··· Working data ···

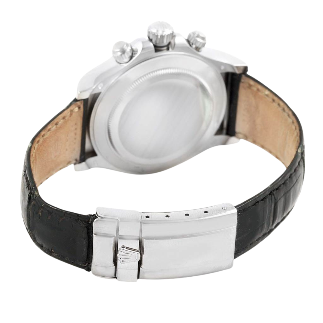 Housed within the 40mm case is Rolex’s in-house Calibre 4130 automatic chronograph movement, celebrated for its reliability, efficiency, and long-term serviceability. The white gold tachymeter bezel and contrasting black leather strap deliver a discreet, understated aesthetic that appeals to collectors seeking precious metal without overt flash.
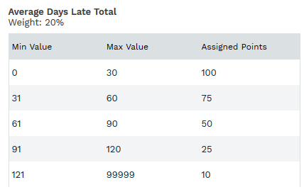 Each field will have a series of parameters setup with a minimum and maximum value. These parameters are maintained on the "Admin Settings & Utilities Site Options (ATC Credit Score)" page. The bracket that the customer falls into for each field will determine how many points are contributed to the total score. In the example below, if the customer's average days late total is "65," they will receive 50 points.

···
··· Working data ···

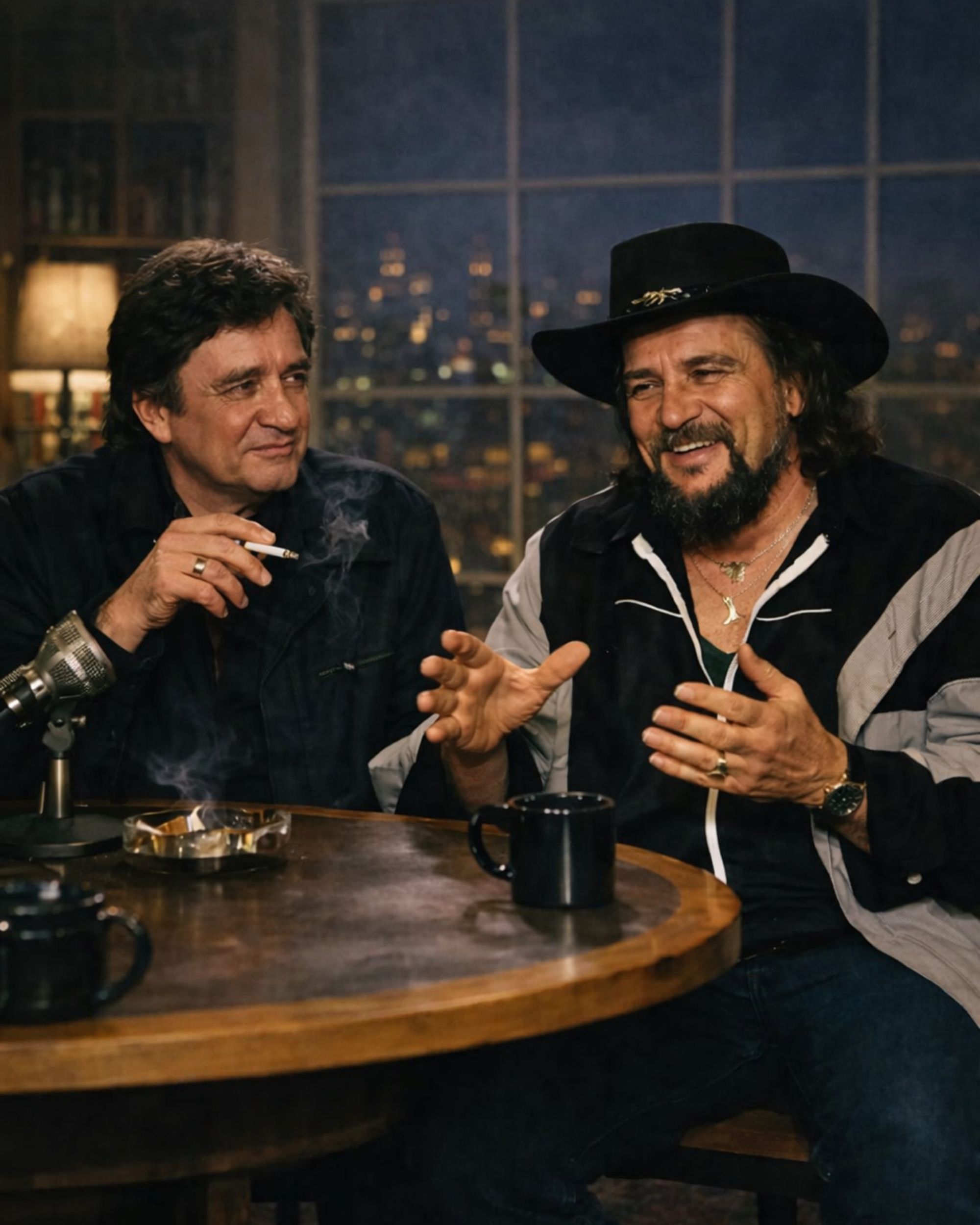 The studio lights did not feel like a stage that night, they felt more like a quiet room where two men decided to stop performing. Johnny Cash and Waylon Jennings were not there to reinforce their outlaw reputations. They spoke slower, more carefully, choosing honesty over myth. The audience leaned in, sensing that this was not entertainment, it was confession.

···

■ Exercise goal: The stretch to restate runs from the line above containing "Housed within the" through the line containing "Each field will have". Copy it word for word, ends included, without pictures.

■ Worked solution:
 Housed within the 40mm case is Rolex’s in-house Calibre 4130 automatic chronograph movement, celebrated for its reliability, efficiency, and long-term serviceability. The white gold tachymeter bezel and contrasting black leather strap deliver a discreet, understated aesthetic that appeals to collectors seeking precious metal without overt flash.
 Each field will have a series of parameters setup with a minimum and maximum value. These parameters are maintained on the "Admin Settings & Utilities Site Options (ATC Credit Score)" page. The bracket that the customer falls into for each field will determine how many points are contributed to the total score. In the example below, if the customer's average days late total is "65," they will receive 50 points.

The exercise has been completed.